### Try it
Could you print, exactly and without pictures, only the lines from the one with "Encadrement argenté avec" through the end of the records below?

### Data for this task

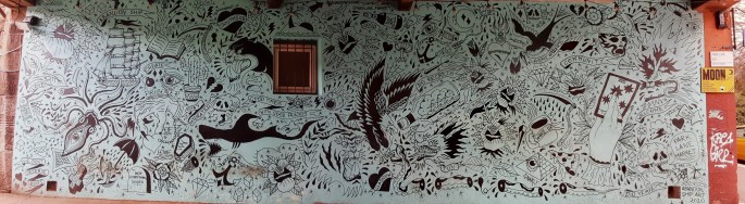 The artists working this weekend were Chelsea Frew at the side of Betty Beans at Trefoil Avenue, Lightbody107 at Ruby Woo’s on Deanston Drive, while Molly Hankinson, Little Book Transfers, Bosscitytaio, BmoreSketchy and MackColours were all working on the wall at the side of the Shawlands Continental supermarket on Frankfort Street. Meanwhile, Jenny Booth, Jennie Bates and Cocozza Aesthetics were painting away inside the Shawlands Arcade. Barry the Cat, a regular artist in the area was to been seen painting with Sapian on the old bothy next to the Camphill Bowling Club on Langside Drive, their floral piece, full of colour certainly brightens up a dull old building.
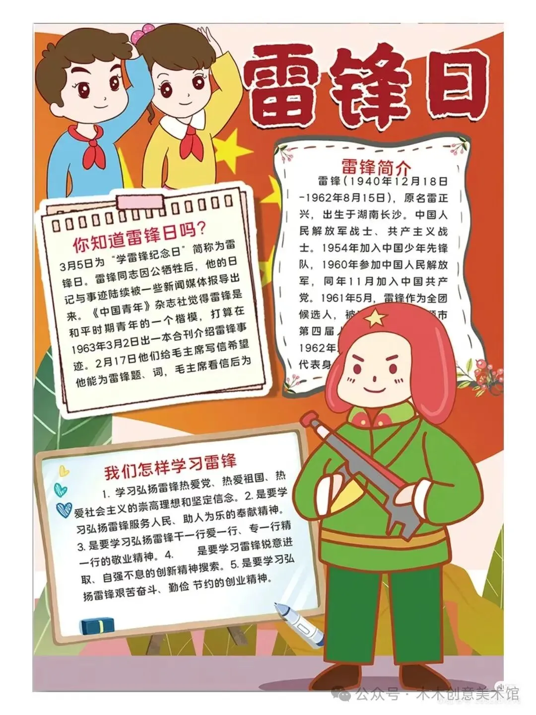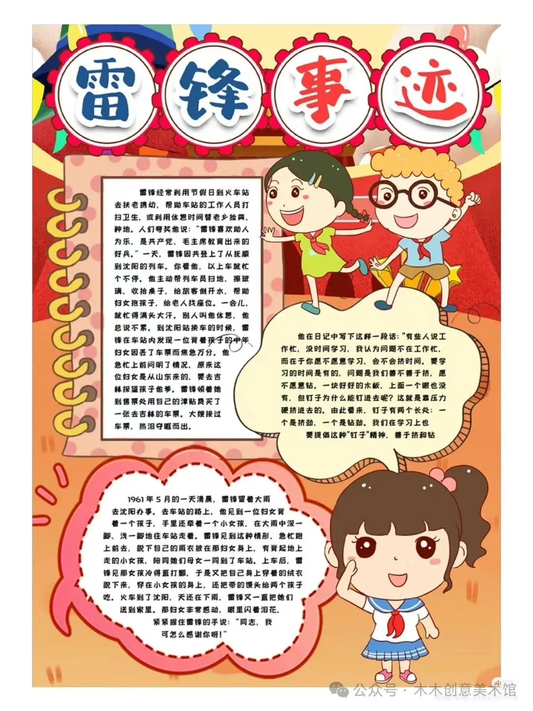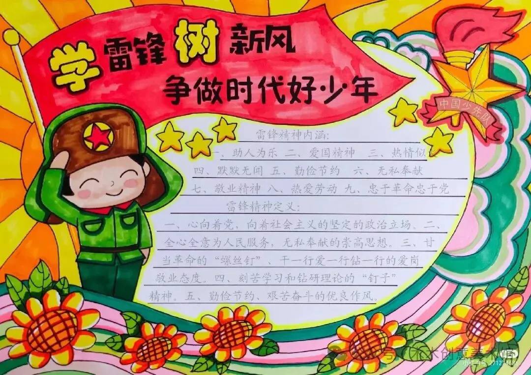 总之,手抄报内容可以融合以上要点,生动全面地展现雷锋精神,激励人们传承和践行雷锋精神,推动社会向更加美好的方向发展。
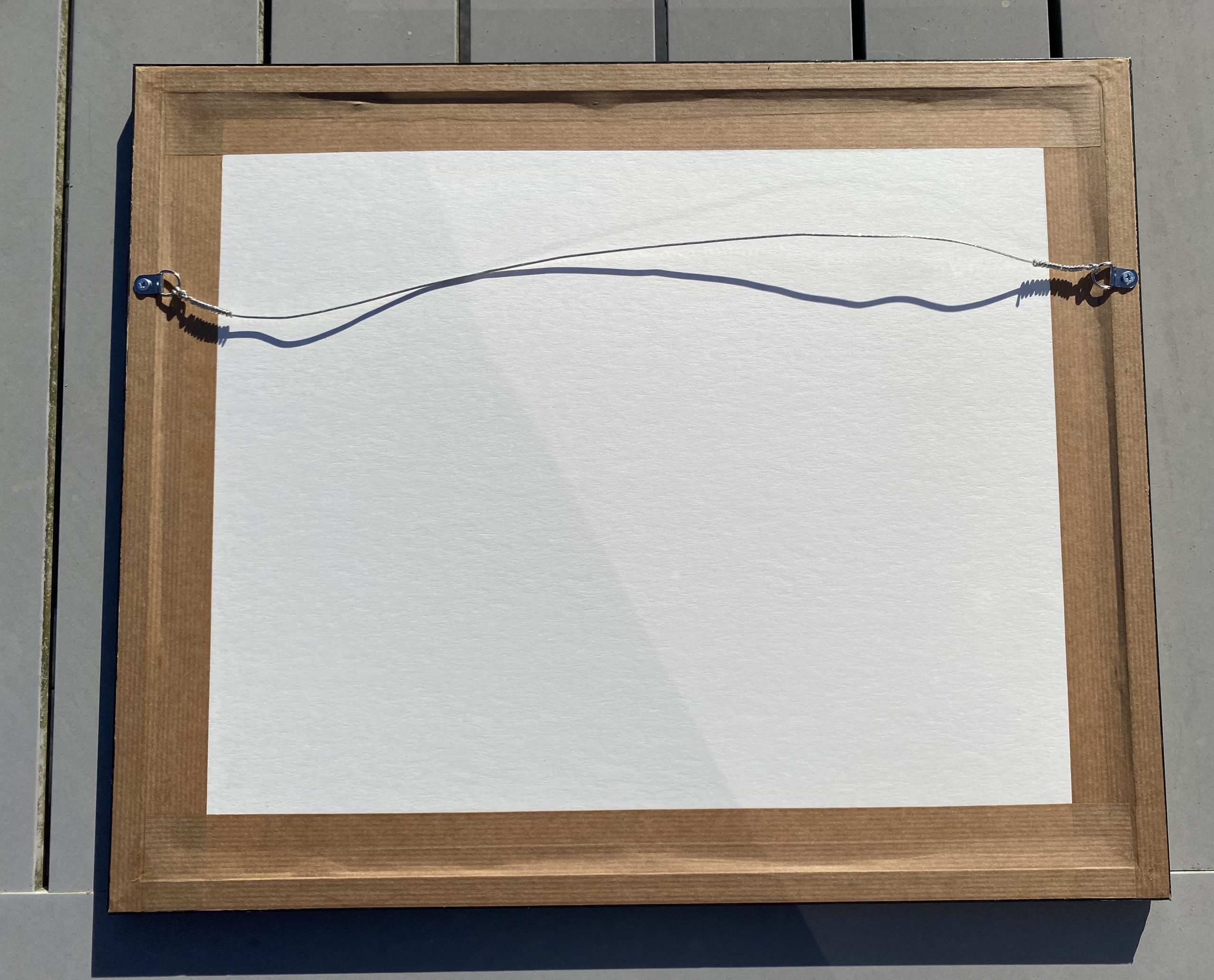 Encadrement argenté avec passe-partout remis à neuf.
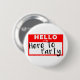 Nome de etiqueta, olá, estou aqui para a festa. Este botão é excelente de um favor de festa ou de uma bolsa de captura.
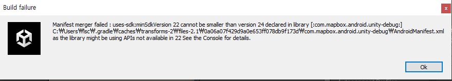 manifest merger failed : uses-sdk minsdkversion~ 해결 방법 [Unity 2021.3.3f1]
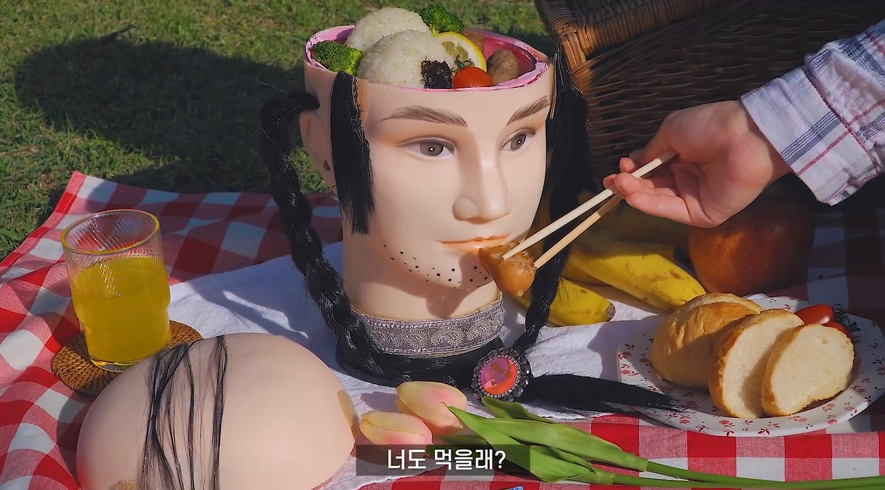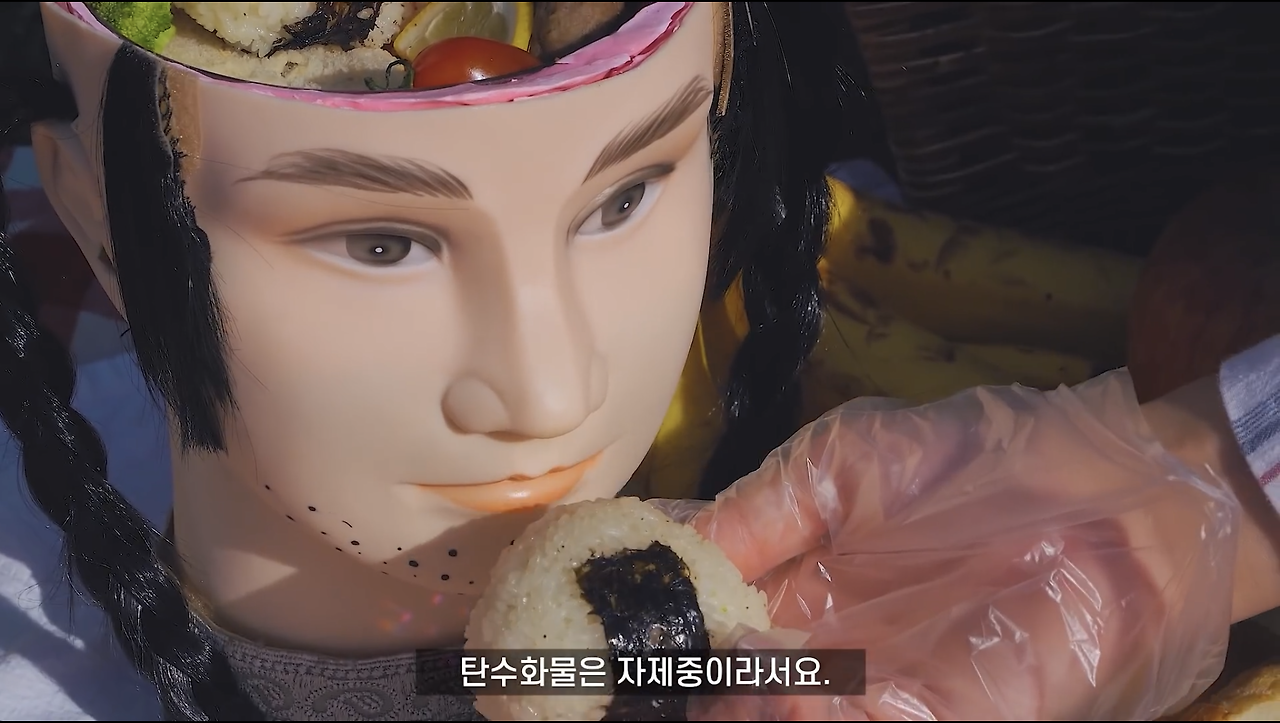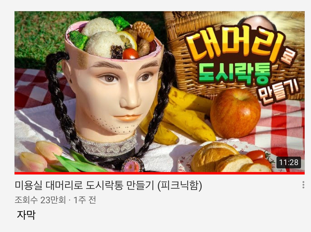 미용실에서 버리는 머리모형을 가져다가 도시락통을 만들었고요.

### Response to the exercise
 Encadrement argenté avec passe-partout remis à neuf.
 Nome de etiqueta, olá, estou aqui para a festa. Este botão é excelente de um favor de festa ou de uma bolsa de captura.
 manifest merger failed : uses-sdk minsdkversion~ 해결 방법 [Unity 2021.3.3f1]
 미용실에서 버리는 머리모형을 가져다가 도시락통을 만들었고요.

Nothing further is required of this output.